Por lo tanto, el financiamiento interno no es más expansivo en términos monetarios que el esquema actual de financiamiento en los mercados internacionales.

 

Por otro lado, se escuchan voces que esto sería, por el contrario, contractivo. Sobre este punto creemos que vale la pena una aclaración.

 

El posible efecto crowding out se podría producir por un aumento de las tasas de interés más que por un sector público dejando sin liquidez al privado. En primer lugar, la liquidez del sistema sería la misma y, de hecho, el BCRA tendría que esterilizar el excedente de pesos reciclando los mismos. En caso que eso no sucediera, el BCRA constantemente acomoda la oferta de dinero a la demanda a la tasa de interés fijada por la autoridad monetaria, por lo que no hay posibilidad de evidenciar faltante de liquidez sistémica.

 

En lo que sí se podría ver un efecto expulsión del gasto privado es debido a la tasa de interés que le exija el mercado a Finanzas. Si esta es superior a la del BCRA, posiblemente algunos fondos que se destinaban a prestar a familias y empresas sean invertidos en letras del Tesoro. Por lo tanto, la clave está en por la tasa de interés a la que Caputo pueda seducir a los demandantes de instrumentos en pesos de corto plazo. Creemos que el mercado se siente más cómodo prestándole al BCRA a 28 o 35 días que al Tesoro a 180 o 360 días.

 

Es que por un lado el BCRA amenaza (aunque quizás con poca credibilidad) que va a subir la tasa de interés desde hace varias semanas y, en ese sentido, es mejor colocar a corto plazo y esperar a la suba. Pocos ahorristas y fondos querrán pasarse a letras más largas y con menor liquidez, a menos que Caputo ofrezca una tasa unos puntos bastante superior que la de las Lebac o que ofrezca un instrumento que asegure tasas de interés reales positivas. Creemos que el mercado le indicará al Tesoro el tipo de instrumento que necesita para que estos fondos se muevan desde papeles del BCRA a bonos del tesoro.

 

En la licitación de ayer se dejó el tramo largo libre y el máximo plazo de emisión fue de 5 meses. Ahora resta que quizás luego de pasada la turbulencia del dato de inflación de abril y bajo la pax inflacionaria de mayo, Finanzas realice el primer test y tantee al mercado a ver cuales son las posturas que recibe. Si el mercado le pide una tasa elevada, se podrá dar un efecto expulsión del gasto privado.

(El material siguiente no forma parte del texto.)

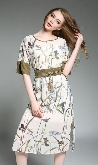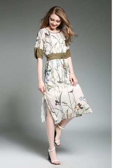 個性的なプリントを大人エレガントに♪ミディ丈リゾートワンピース
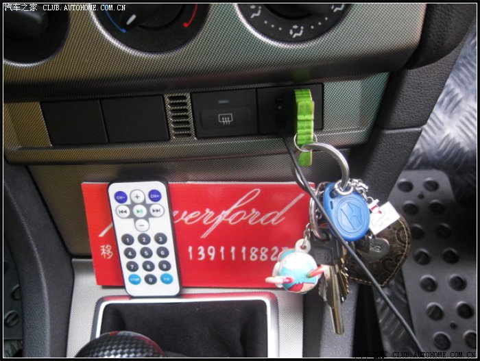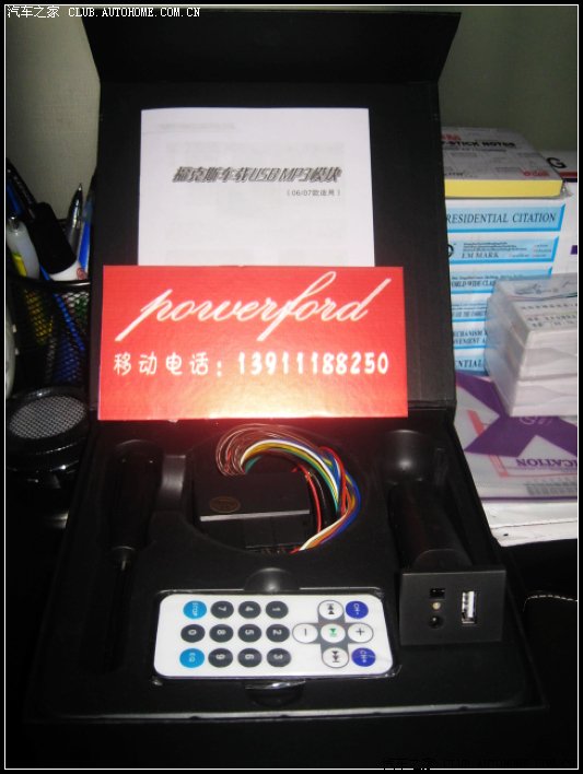 出了09款以后~一直很嫉妒09款直接插个U盘就可以听歌的功能!~老款福克斯却很委屈的在手套箱里才有一个AUX接口!~很是不爽。前几天一个厂家联系我,问我有一个产品是否感兴趣!~本来我对于主动推销的行为非常反感!~但功能比较吸引我!~大概意思就是给老款福克斯的原车音响主机上添加一个U盘插口,直接可以U盘听歌!~!抱着试试的心态上了几套!~!东西一到第一时间安装在自己的小黄上!~居然能用!!!哈哈!~而且音质还不错!~配有遥控器可以选择歌曲!~可惜没有09款那样的歌曲名称。音效也有几种选择!~还算满意!~推荐给老款与我一样有需要的TX们!~!

Si logra financiarse a una tasa similar a la de las Lebac, no vemos que vía menor liquidez se vaya a frenar la actividad económica.

 

No es trivial el hecho de que si el financiamiento interno se logre, en algún momento el sector privado sea el que tenga que tomar más endeudamiento en el exterior si persiste e incluso se profundiza el saldo negativo de cuenta corriente. Con lo cual no hay que descartar que el endeudamiento externo del país se frene por esta nueva estrategia del Gobierno.